As environmental educators, we are teaching in the present, preparing students for the future. We must strive to create educational experiences that challenge our students' perspectives both locally and globally. Whether we use a field guide or a database, the strength of our curricular tools is measured through the life actions of our students. The impact of our methodology will be determined by the next generation.


Resources

Berry, Wendell. (1983) The Gift of Good Land.  New York: North Point Press.

Carson, Rachel. (2002, reprint) Silent Spring. Boston, MA: Mariner Books.

Chawla, L. (1998) "Research Methods to Investigate Significant Life Experiences: Review and Recommendations." Environmental Education Research 4(4): 383-397.

Disinger, J. F. (1987) "Cognitive Learning in the Environment." Environmental Education Digest ED287684(2).

Gough, N. (1993) "Environmental Education, Narrative Complexity and Postmodern Science/Fiction." International Journal of Science Education 15(5): 607-625.

ICEE (1987) Are We Building Environmental Literacy? Materials Review. Washington, DC, ICEE: 39.

Lassiter, Barbara. (1978) American Wilderness: The Hudson River School of Painting. Garden City, NJ: Doubleday.

Leopold, Aldo. (1992, reprint) A Sand County Almanac. Oxford: Oxford University Press.

Lieberman, Gerald. (1998) Closing the Achievement Gap: Using the Environment as an Integrating Context for Learning.  Poway, CA: Science Wizards Press. Read the Executive summary of this report here: http://www.seer.org/extras/execsum.pdf .

NAAEE (1997) Environmental Education Guidelines for Excellence. Oregon, IL, NAAEE: 81.

Orr, David. (1992) Ecological Literacy: Education and the Transition to a Postmodern World . Albany: SUNY Press.

Palmer, J., and J. Suggate (1996) "Influences and experiences affecting pro-environmental behaviour in educators." Environmental Education 2(1): 109-121.

Shepard, Paul. (1996) Traces of an Omnivore.
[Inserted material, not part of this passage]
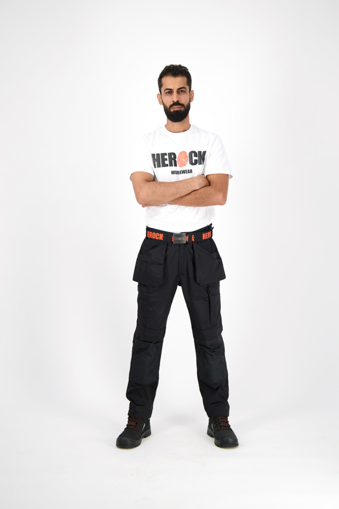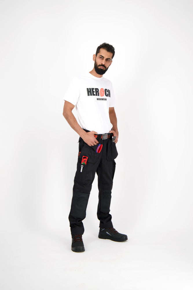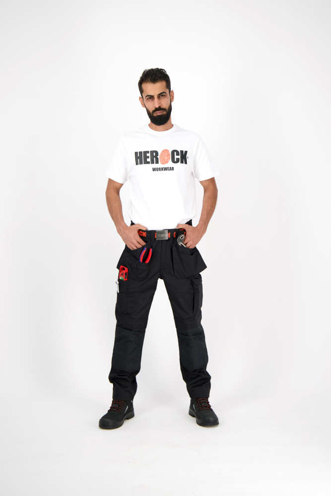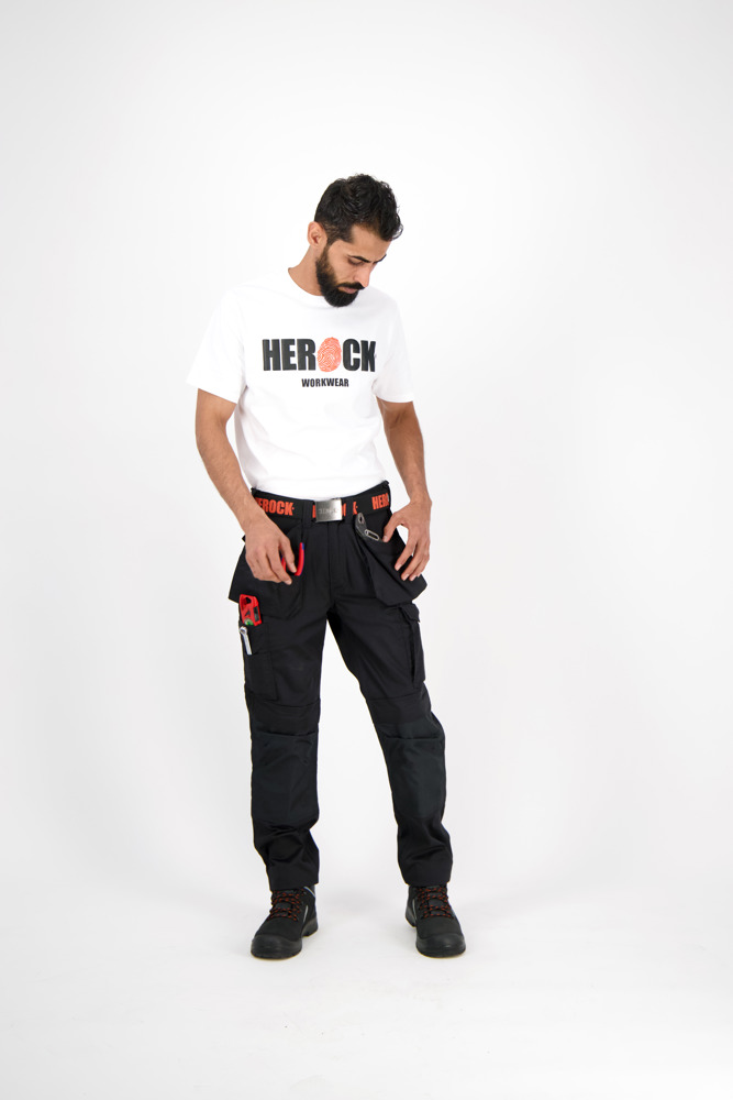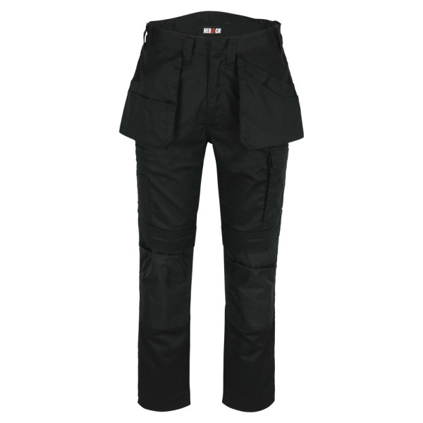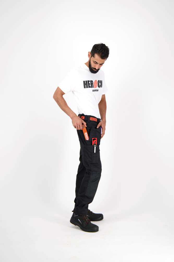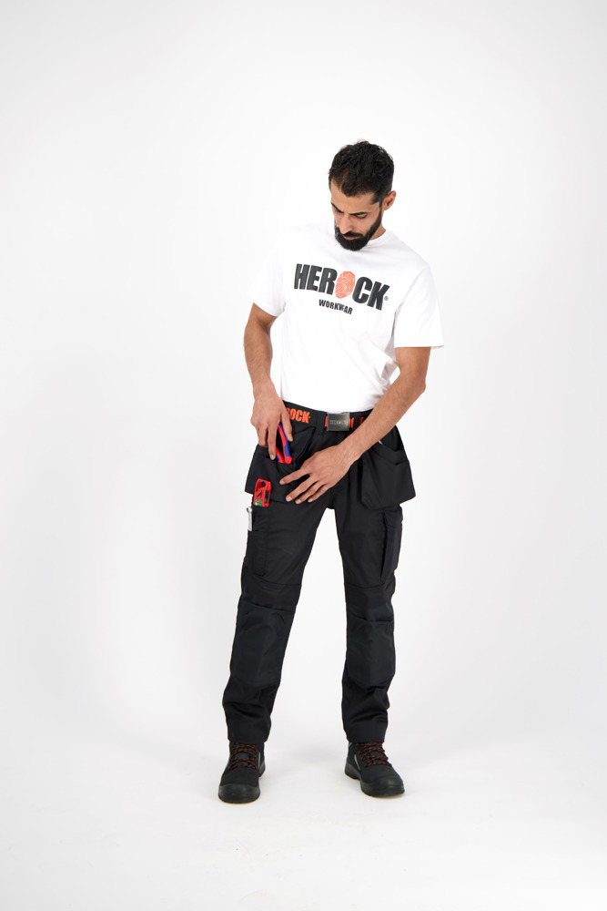 Multi-pocket waterafstotende broek Elastische tailleband Verborgen knop Verhoogde tailleband achteraan 2 zijzakken 1 extra zijzak met rits 2 dijbeenzakken 1 GSM-zakje in de dijbeenzak links 1 meterzak 2 pennenzakjes 2 achterzakken Versterkte kniezakken Uitneembare zoom Waterafstotende coating EN ISO 13688:2013 EN ISO 15797:2004/AC:2004 EN ISO 14404:2004+A1:2010 Type 2 Level 0 in combinatie met HEROCK® kniebeschermers 21MI0901

Washington, D.C., Island Press.

Sobel, D. (1996) Beyond Ecophobia: Reclaiming the Heart in Nature Education. Great Barrington, Orion Society.

Tanner, T. (1980) "Significant life experience." The Journal of Environmental Education 11(4): 20-24.

Wilson, E.O. (1986 reprint) Biophilia. Cambridge: Harvard University Press.


About the author

At the time of this writing, John Haskin was Associate Executive Director of Frost Valley YMCA and Environmental Education Center in Clareyville, NY. He is now the Director of Education at the Teton Science School in Jackson Hole, Wyoming.